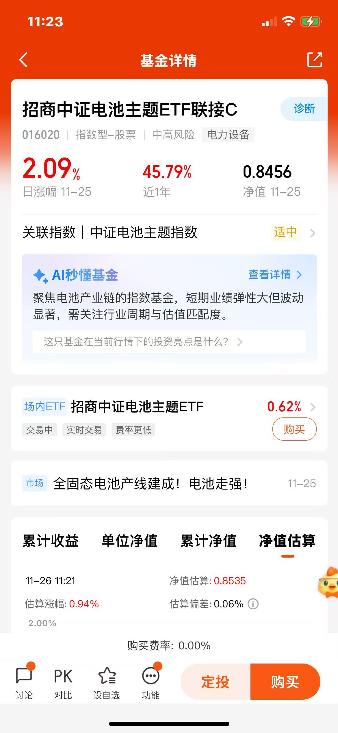 不过电池趋势表现不错,一路震荡走强!$招商中证电池主题ETF联接C(OTCFUND|016020)$昨天上涨2.09%,今天再继续上涨,反弹的很漂亮
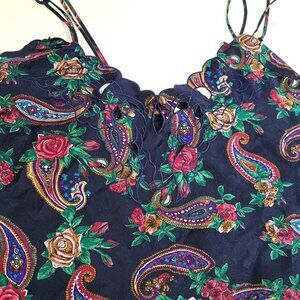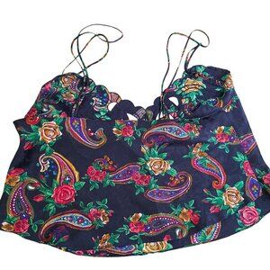 Vintage Victoria's Secret Gold Label Navy Blue Paisley Floral Crop Strappy Satin Top
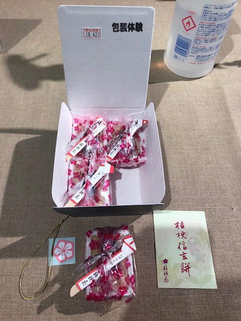 信玄餅の包装体験をしてきました。工場見学でプロの方々の包装を見てからの体験だったので、簡単に、そしてスピーディに包装できると思ったんだけど…実際は全くそんなことはありませんでした。早く包めない上に、包めてもきれいにならない。改めて、プロの技に脱帽致しました。
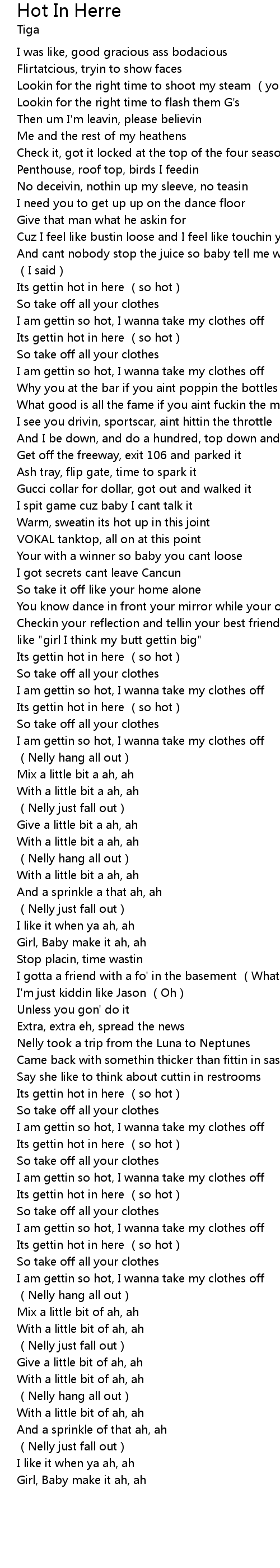 | [02:53.32] | Its gettin hot in here (so hot) |

····················

• TASK STATEMENT:
Please set down exactly the lines from the first line of the data above through the line with "Vintage Victoria's Secret", both included, leaving out the pictures.

• RESULT OF THIS EXERCISE:
 不过电池趋势表现不错,一路震荡走强!$招商中证电池主题ETF联接C(OTCFUND|016020)$昨天上涨2.09%,今天再继续上涨,反弹的很漂亮
 Vintage Victoria's Secret Gold Label Navy Blue Paisley Floral Crop Strappy Satin Top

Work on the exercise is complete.